Akasa kini dibawa para prajurit ke sebuah tempat yang antah berantah, dikelilingi pepohonan dekat area hutan, namun memiliki tanah berumput yang lapang.
Tepat di tengah area itu, berdiri sebuah bangunan bernuansa Hindu kuno, lengkap dengan pagar bebatuan dari andesit berwarna abu-abu gelap.
Keterkejutan membungkam Akasa. Dalam sekejap, ia yang tadinya duduk santai di tepian danau berkabut, kini dikelilingi oleh sosok-sosok bersenjata yang terlihat tanpa emosi.
Rasa dingin perlahan menjalar ke punggungnya, bukan semata oleh kabut malam, namun juga ketidakpastian yang membelenggu. Ia khawatir karena telah meninggalkan teman-temannya tanpa pamit.
Tak ada yang bisa ia lakukan. Akasa hanya bisa pasrah, mengikuti irama langkah para prajurit yang menggema seperti genderang nasib. Mereka berjalan setapak demi setapak, memasuki halaman luas dari area bernuansa Hindu tersebut.
Udara di sekitarnya lembab dan berbau tanah basah, seolah menyimpan sisa-sisa dupa yang telah lama padam.
Di sekeliling, ada lebih banyak prajurit yang berbaris rapi. Tapi suasana hening. Hanya langkah kakinya dan para prajurit pengantarnya yang terdengar.
Pandangan Akasa menyapu sekitar tempat itu. Dari jauh, ia melihat cahaya hijau berpendar tipis dari kegelapan. Akasa penasaran. Pikirannya dipenuhi segudang tanda tanya.
Tak lama, iring-iringan langkah para prajurit itu berhenti. Mereka mulai menunduk dan mundur beberapa langkah, menyisakan Akasa seorang diri di tengah barisan para prajurit yang tak menunjukkan ekspresi apa pun selain raut wajah datar.
Akasa bingung, mencoba mencerna apa yang sedang terjadi. Namun sebelum pikirannya sempat bekerja, suara berat memecah kesunyian dari arah panggung setinggi lima kaki. Panggung itu berada tepat di depan sebuah bangunan yang mirip rumah antik.
“Majeng mriki!”
(“Maju kemari!”)
Titah itu terdengar lembut namun tegas, memunculkan kesan bermartabat. Suasana mendadak senyap, bahkan derap prajurit pun berhenti.

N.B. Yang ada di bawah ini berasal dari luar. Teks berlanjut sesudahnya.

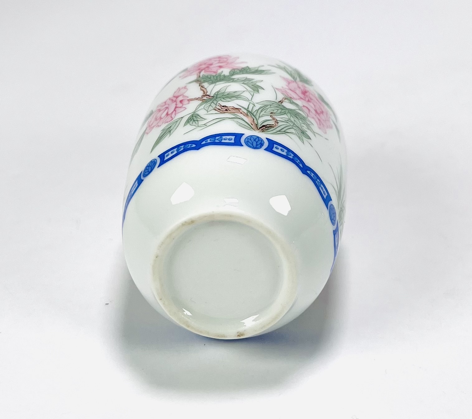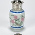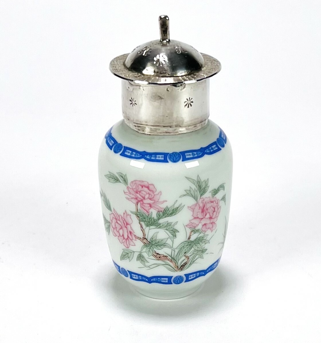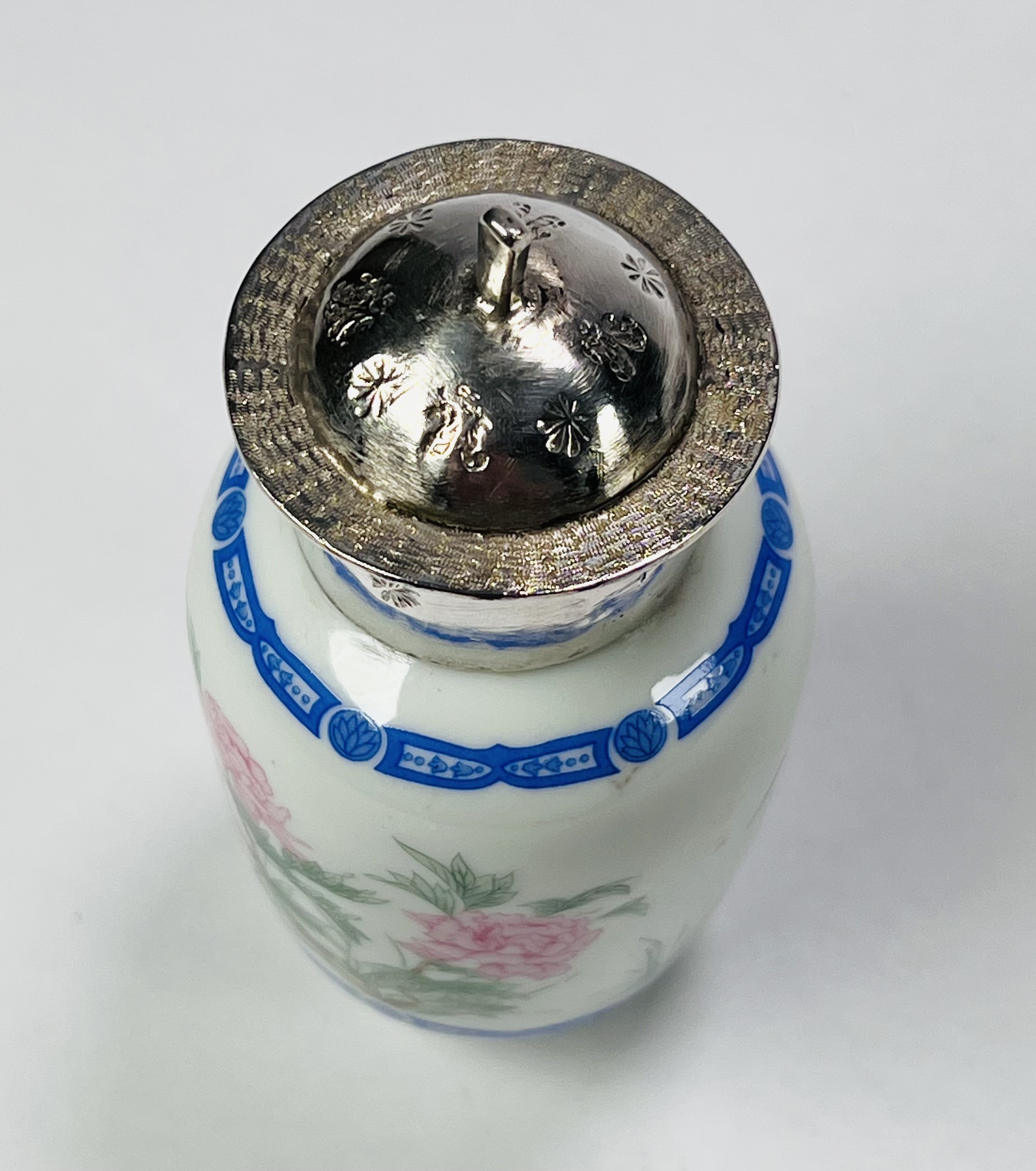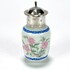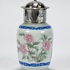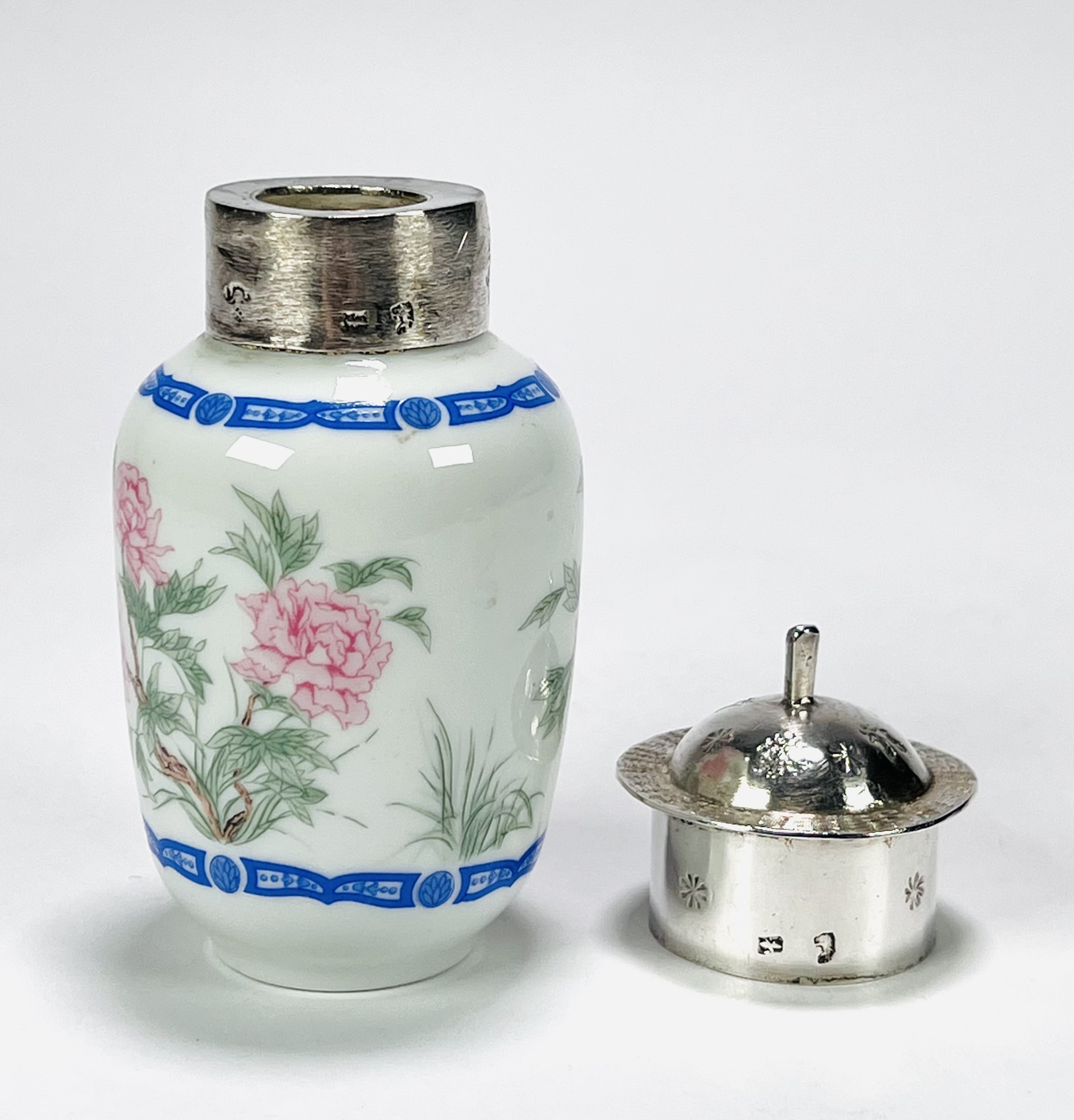Porseleinen theebus gedecoreerd met floraal decor en voorzien van zilveren montuur en dop. Zilver gekeurd met zwaardje, midden 20e eeuw. |
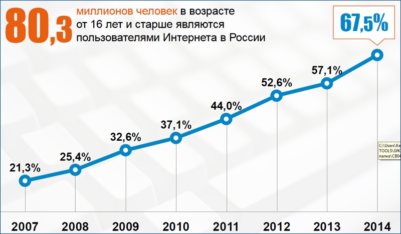 По оценкам GfK, к концу 2014 года уровень проникновения доступа в Интернет среди населения России в возрасте от 16 лет и старше составил 67,5%. Таким образом, численность сетевой аудитории в указанной возрастной группе превысила 80 млн человек. Причём три четверти из них выходят в Интернет ежедневно или почти каждый день.

Mata Akasa menyipit. Tak lama berselang, sepasang sorot mata hijau yang berkilauan, menembus dari balik kegelapan panggung. Ada sesuatu yang aneh dalam kilauannya, bukan pantulan cahaya obor, melainkan seperti bara api yang menyimpan kekuatan tersembunyi.
Sedetik kemudian, siluet seorang wanita di singgasana kayu jati berlapis resin mulai tampak. Saat cahaya obor malam di kedua sisinya menyala makin terang, sosok misterius itu perlahan mulai tersingkap.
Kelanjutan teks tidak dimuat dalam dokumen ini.